▶ Assignment
Begin your copy at the line with "Case studies: The" in the records below and end it at the line with "DescriptionFemale figure with", restating each line word for word; omit the pictures.

▶ Stored data
..........
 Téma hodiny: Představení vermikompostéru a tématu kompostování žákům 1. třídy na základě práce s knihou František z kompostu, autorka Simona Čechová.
..........
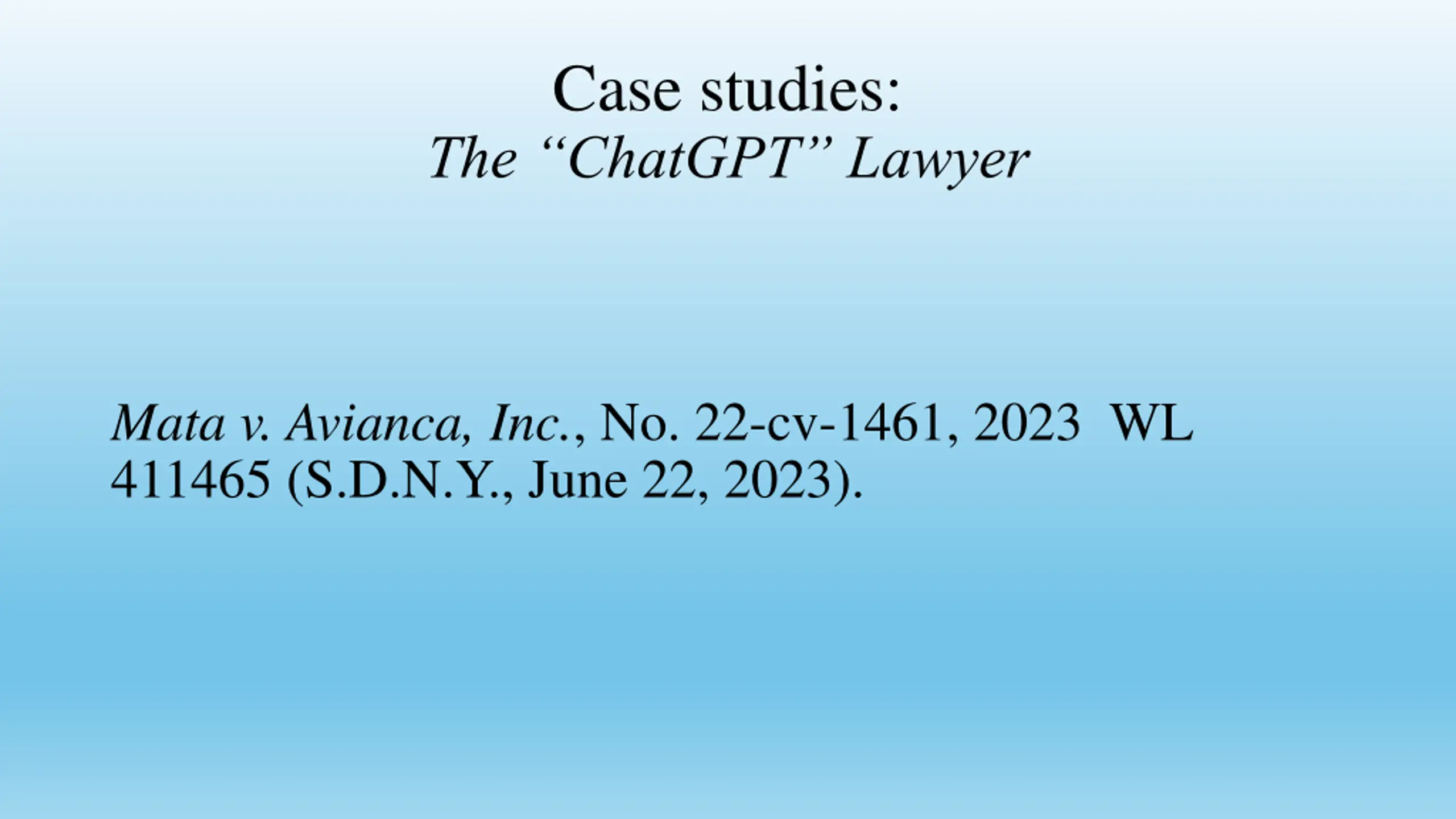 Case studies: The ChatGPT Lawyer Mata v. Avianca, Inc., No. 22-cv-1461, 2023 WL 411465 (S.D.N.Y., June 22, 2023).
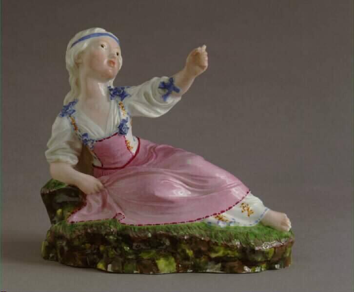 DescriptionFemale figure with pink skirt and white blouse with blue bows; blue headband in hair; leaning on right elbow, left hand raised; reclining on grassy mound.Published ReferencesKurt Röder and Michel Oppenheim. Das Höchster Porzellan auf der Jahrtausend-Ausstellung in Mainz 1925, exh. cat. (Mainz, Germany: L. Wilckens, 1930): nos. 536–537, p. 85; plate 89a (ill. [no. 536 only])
..........
▶ Task answer
 Case studies: The ChatGPT Lawyer Mata v. Avianca, Inc., No. 22-cv-1461, 2023 WL 411465 (S.D.N.Y., June 22, 2023).
 DescriptionFemale figure with pink skirt and white blouse with blue bows; blue headband in hair; leaning on right elbow, left hand raised; reclining on grassy mound.Published ReferencesKurt Röder and Michel Oppenheim. Das Höchster Porzellan auf der Jahrtausend-Ausstellung in Mainz 1925, exh. cat. (Mainz, Germany: L. Wilckens, 1930): nos. 536–537, p. 85; plate 89a (ill. [no. 536 only])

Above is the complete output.